Historical Method: A Comment on Deeper Roots
The book promised to be "what the other book (Roots) promised to be but never was. Rather than an incapacitating, sentimental Euro-centric tracing of ethnicity, the author reconnects the Americas to the culture of pre-colonial West Africa and the universal way of Islam."
My next door neighbor in Oman gave me the book in our discussions on Islamic theology and law. He has traveled widely in America, so I assume he picked it up there. Anyway, the book brought up an old, yet still relevant issue: did Africans reach America before Columbus? Before I go on, a note on methodology is in order. While I think that is highly likely that Africans did reach the Americas before Columbus (and Dr. Quick presents numerous pieces of evidence, mostly gleaned from the work of Ivan Van Sertima) there is also the problem of how admissible certain pieces of evidence are. The reasoning behind Quick and other scholars' work is that an accumulated mass of similarities must ergo equal pre-Columbian contact. Yet a word from a comparative anthropologist is most germane here:
It can never be assumed that apparent likenesses between cultures are fundamental, while obvious differences are coincidental or due to special local circumstances. The selection of similar elements from different cultures and the dismissal of differences must always be justified logically, in detail, and in both historical and functional terms. As in any scientific enterprise, we must not simply choose our facts to suit our theories but must demonstrate that the cultural similarities considered to be fundamental are similar in detail and durable, while dissimilarities must be logically explicable as easily changeable cultural features.For example, Quick cites Ferdinand Columbus, who writes about people in northern Honduras as being "black in color. They pierce a hole in their ears large enough to insert a hen's egg." "Black in color" indeed tells us very little of these people's concrete cultural origins, and should not be taken as evidence.
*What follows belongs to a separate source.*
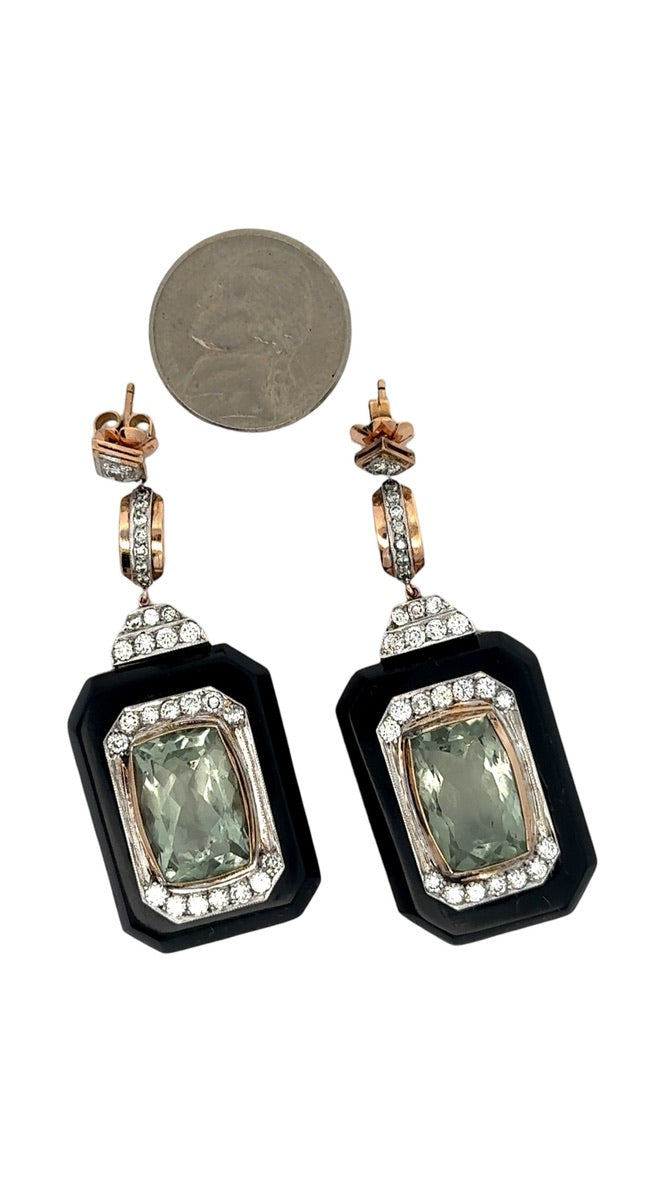 Estate Earrings, Round Diamond 2.00 cttw H-I VS2-SI1 #Estimated Weight, Onyx Carved, 2 Green Amethyst Cushion Modified 12.00 cttw #Estimated Weight, 18K Yellow Gold 21.54g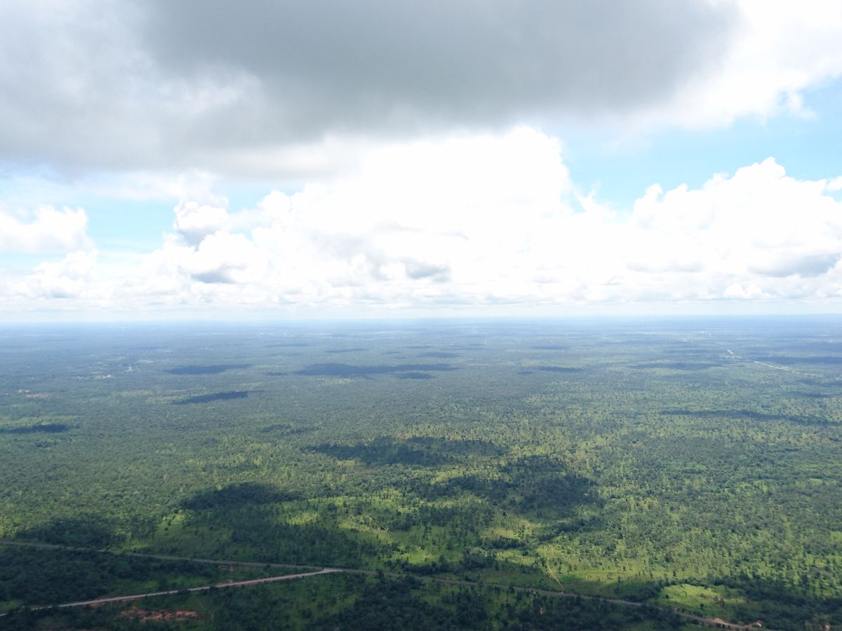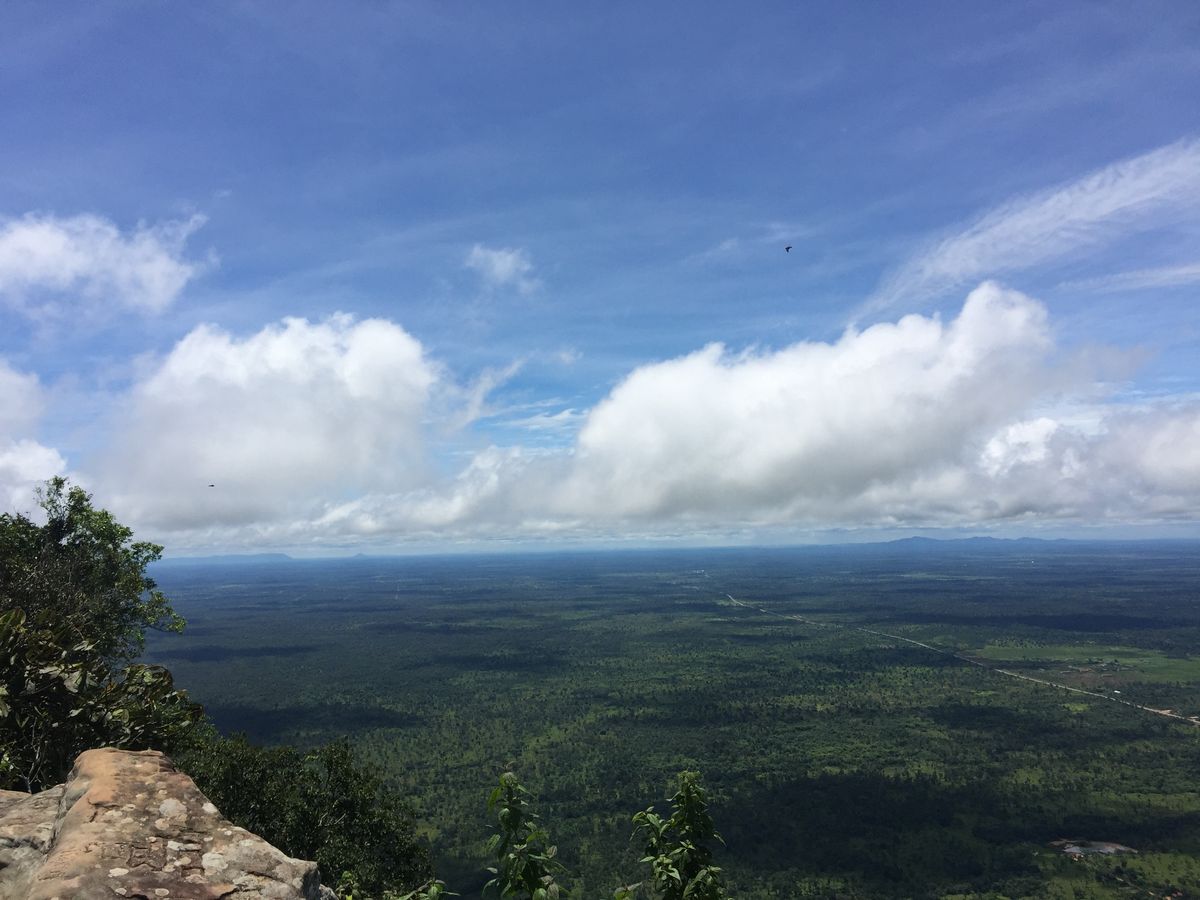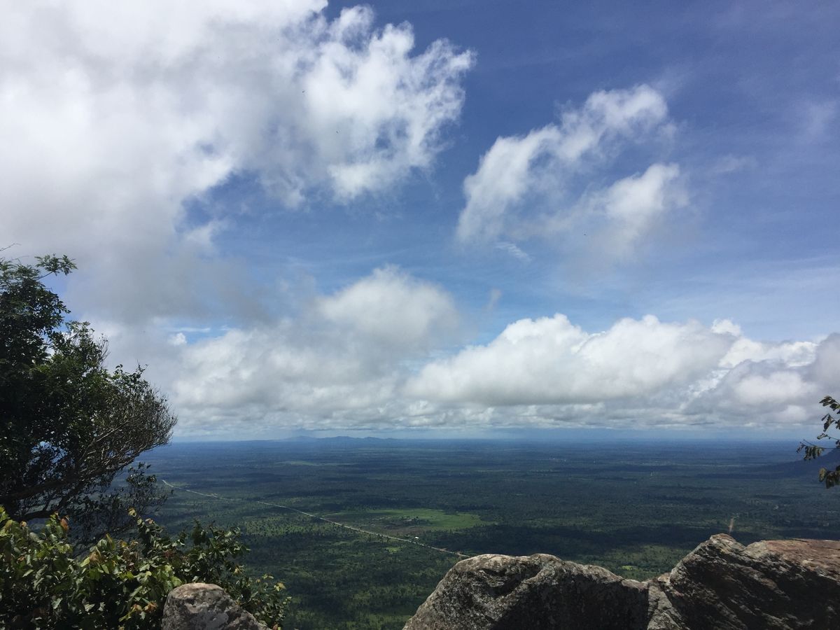 プレアヴィヒアに到着した際、山頂付近は雲に隠れていましたが、遺跡を歩いている内に晴れ、念願のカンボジアの大地を見渡すことができました。

However their piercings might tell us a little more. Even if piercing were practiced in West Africa similar to how Columbus described (quite likely), how do we know that this practice emerged in the Americas from contact with Africa? Independent invention seems just as likely. Happily for the scholar, their are some almost irrefutable pieces of evidence relating to language and other traveler's reports which put us on firmer ground. Overall the book gives some fascinating insight into what is in many ways still an underground history. Quick ends by meditating on a dynamic that has been much studied of-late, and remains relevant to African Studies in an Indian Ocean context:
"The real challenge is to be "Mecca-centric" yet in touch with the African world, to be an authentic Muslim yet still in touch with African American spirituality, to be a moral person yet still in touch with the pulse of African American youth, and to develop Islam in America without getting lost in the crises of the Muslim world."